Revenue and Expense Recognition
Revenue is recognized on the accrual basis, i.e., at the time of shipment of goods. There are no significant contracts allowing for right of return. The Company performs periodic credit evaluations of its customers' financial condition and generally does not require collateral. Shipping and handling costs are expensed as incurred and are included in costs of products sold.
Inventories
Inventories are stated at the lower of cost or market, cost being determined in accordance with the first-in, first-out method. Inventories at December 31 are as follows:
(in thousands) 2000 1999 ------------------------ Finished Goods $ 2,740 $ 1,936 Work in Progress 1,564 1,476 Raw Material 6,217 5,309 ------------------------ $10,521 $ 8,721 ---------------------------------------------------
Property, Plant and Equipment
Depreciation of property, plant and equipment is computed on the straight-line method for financial reporting purposes and on accelerated methods for income tax purposes. Estimated useful lives of the assets are as follows: buildings, 10-40 years; and machinery and equipment, 4-10 years. Leasehold improvements are amortized over the terms of the lease or the lives of the assets, whichever is shorter.
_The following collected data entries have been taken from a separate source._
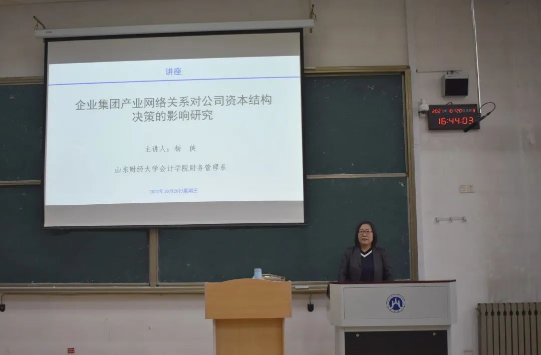 10月20日下午,太阳成集团tyc151cc财务管理系讲师、管理学博士杨侠,在燕山校区逸夫楼Y301做了题为“企业集团产业网络关系对公司资本结构决策的影响研究”的讲座。讲座由财务管理系主任、MPAcc中心助理刘惠萍教授主持,太阳成集团tyc151cc2021级全日制专硕聆听了讲座。
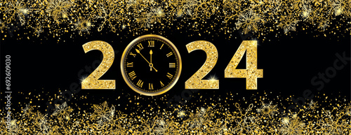 The watermark will not be included on Wall mural.: Clock 2024 golden sand particles snowflakes header
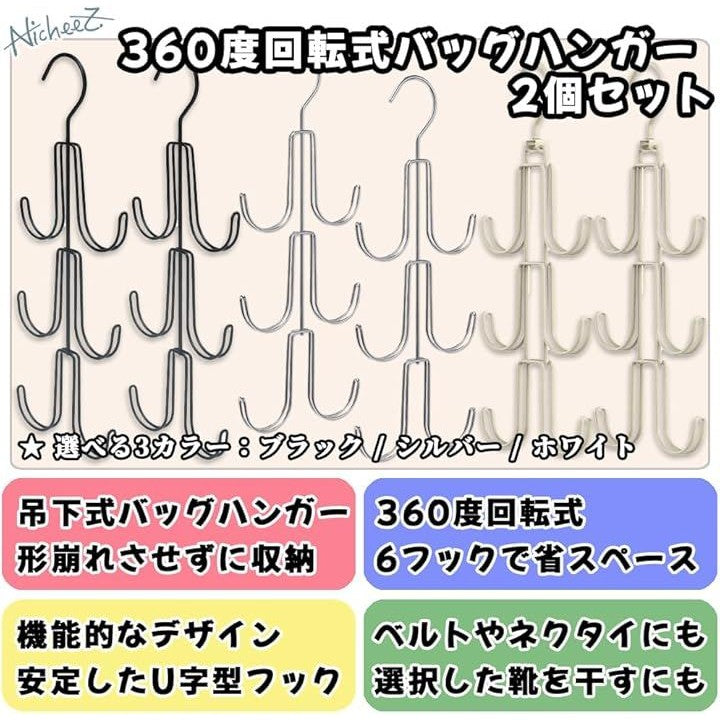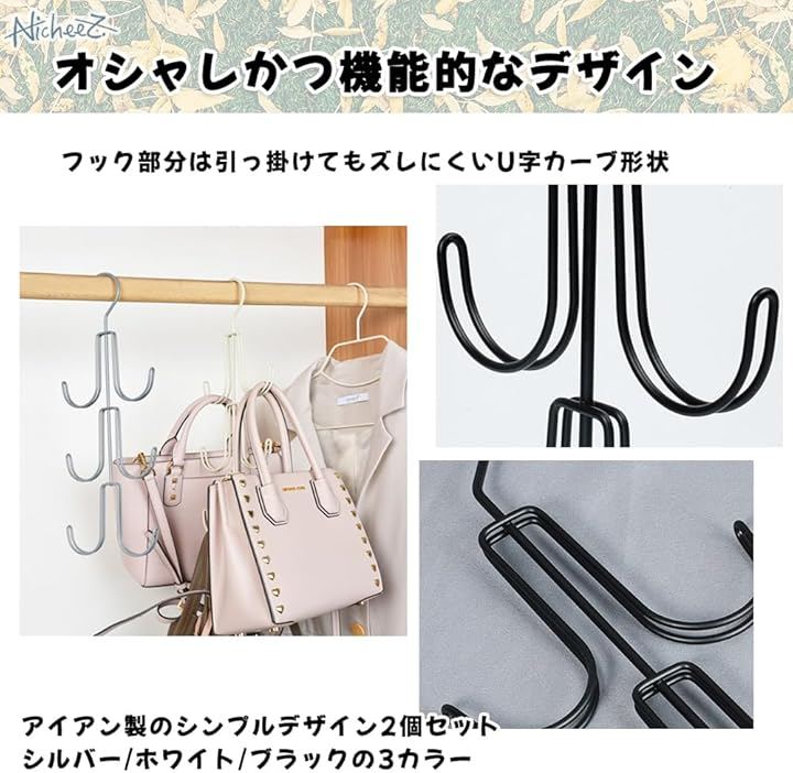 バッグハンガー バッグ収納ホルダー 吊り下げフック 2個セット 省スペース
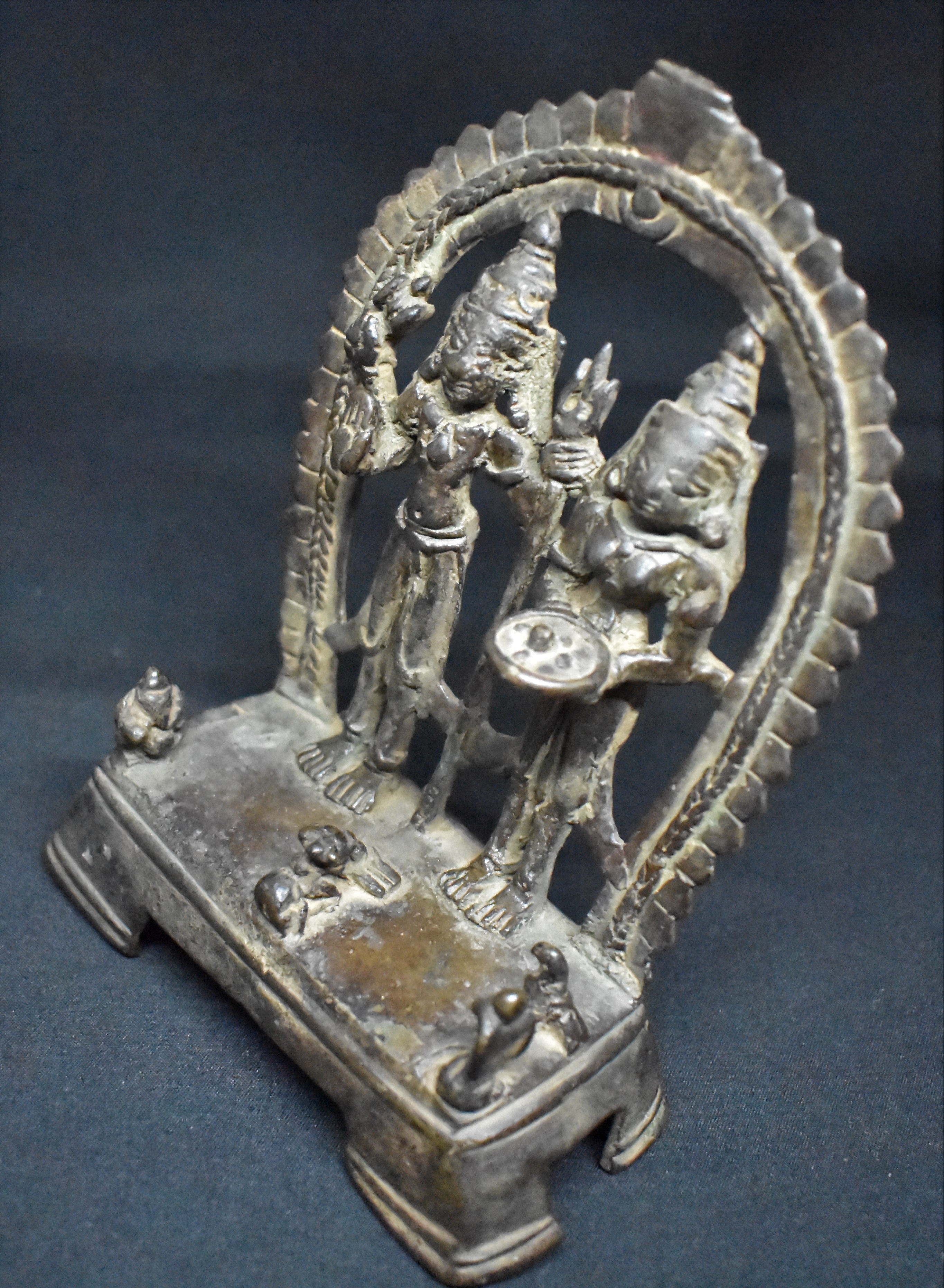 Shiva’s lower right hand is in Abhaya mudra (Protection) and his lower left hand is holding Parvathi by her lower back. Unusual display of intimacy for a folk Vigraha.
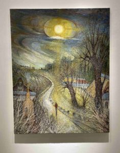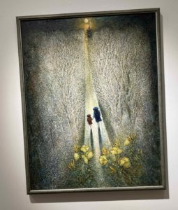 山本さんのプロフィールでは、「山本一雄(1936~)は岡山県瀬戸内市にある長島愛生園で暮らしながら、89歳になる現在も毎日自身の表現と向き合いながら絵を描く画家です。、、、長島愛生園は、日本に初めてできた国立ハンセン病療養所です。山本は故郷や家族と離れ、30代で長島愛生園に入所します。今ではハンセン病は完治しているにもかかわらず、今でも長島愛生園で暮らしながら、絵を描いています。」ということです。小さな部屋で自分と向き合い掘り下げていく中で生まれてきた作品たちを見せていただきました。松本清張の砂の器をモチーフにした作品、風が冴える美しい景色は歴史の重さまでも響かせてきます。毎日描かれた筆致が積みあがったマチエールはその過ぎ去った時間として表現されていました。
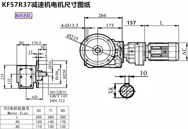 | 伺服電機(jī)減速機(jī) | KF58R38Y71M4 | KF58R38DRS71M4 | KF58RF38Y71M4 |
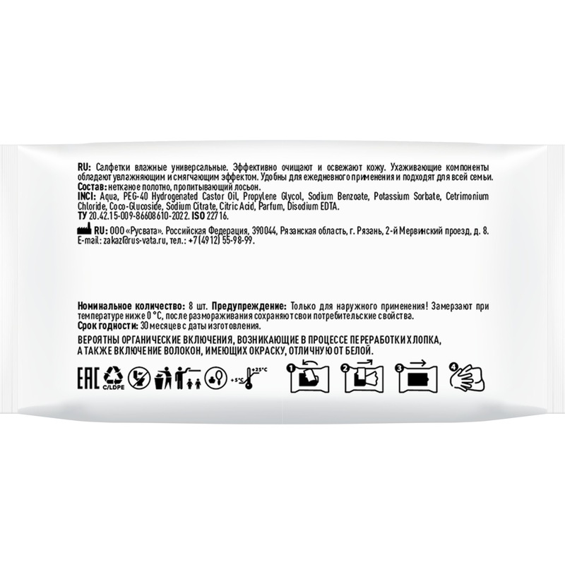 Универсальные влажные салфетки в миниупаковке. Изготовлены из нетканого материала с высоким содержанием хлопка, не содержат парабенов и спирта. Удобны для ежедневного применения и подходят для всей семьи.

The cost of properties sold or otherwise disposed of and the accumulated depreciation thereon are eliminated from the accounts, and the resulting gain or loss, as well as maintenance and repair expenses, are reflected in income. Renewals and betterments are capitalized.
Goodwill
Goodwill, which is included in other assets, represents the excess of purchase price over the fair value of net tangible assets acquired, net of accumulated amortization, and amounted to $2,698,000 and $999,000 at December 31, 2000 and 1999, respectively. Accumulated amortization amounted to $559,000 and $432,000 at December 31, 2000 and 1999, respectively. Goodwill is amortized principally over 15 years on a straight-line basis, starting in the year of acquisition.
Income Taxes
The Company recognizes deferred tax assets and liabilities for the expected future tax consequences of temporary differences between the financial reporting and tax basis of assets and liabilities. Deferred tax assets are reduced, if deemed necessary, by a valuation allowance for the amount of tax benefits which are not expected to be realized.
Earnings Per Share
Earnings per share computations are based upon the following table:
(in thousands, except per share data) 2000 1999 1998 ------------------------- Net Income $6,095 $4,795 $4,304 Basic earnings per share weighted average shares, 6,265 6,167 6,096 Net effect of dilutive stock options 312 370 424 ------------------------- Diluted earnings per share weighted average shares 6,577 6,537 6,520 ------------------------- Basic earnings per share $ 0.97 $ 0.78 $ 0.71 ------------------------- Diluted earnings per share $ 0.93 $ 0.73 $ 0.66 --------------------------------------------------------------
All earnings per share calculations have been retroactively restated to reflect the effect of stock dividends.
Cash Equivalents
The Company considers all highly-liquid investments in debt securities with original maturities of three months or less as cash equivalents.
Class B Stock
Class B Stock is identical to Common Stock, except Class B Stock has ten votes per share, is automatically converted to Common Stock when sold or transferred, and cannot receive dividends unless an equal or greater amount is declared on Common Stock.
Use of Estimates
The preparation of financial statements in conformity with generally accepted accounting principles requires management to make estimates and assumptions that affect the amounts reported in the financial statements and accompanying notes. Actual results could differ from those estimates.
Long-lived Assets
The carrying value of long-lived assets to be held and used, including goodwill and other intangible assets is evaluated for recoverability whenever adverse effects or changes in circumstances indicate that the carrying amount may not be recoverable. Impairments are recognized if future undiscounted cash flows and earnings from operations are not expected to be sufficient to recover goodwill and other long-lived assets. The carrying amounts are then reduced by the estimated shortfall of the discounted cash flows.
Note 2
Effect of New Accounting Pronouncement
In June 1998, the Financial Accounting Standards Board (FASB) issued SFAS No. 133, "Accounting for Derivative Instruments and Hedging Activities." SFAS No. 133 establishes accounting and reporting standards for derivative instruments, including certain derivative instruments embedded in other contracts, and for hedging activities. It requires that an entity recognize as either assets or liabilities in the balance sheet and measure those instruments at fair value. The intended use of the derivative and its designation as either (1) a hedge of the exposure to changes in the fair value of a recognized asset or liability or a firm commitment (a fair value hedge), (2) a hedge of the exposure to variable cash flows of a forecasted transaction (a cash flow hedge), or (3) a hedge of the foreign currency exposure of a net investment in a foreign operation (a foreign currency hedge), will determine when the gains or losses on the derivatives are to be reported in earnings and when they are to be reported as a component of other comprehensive income.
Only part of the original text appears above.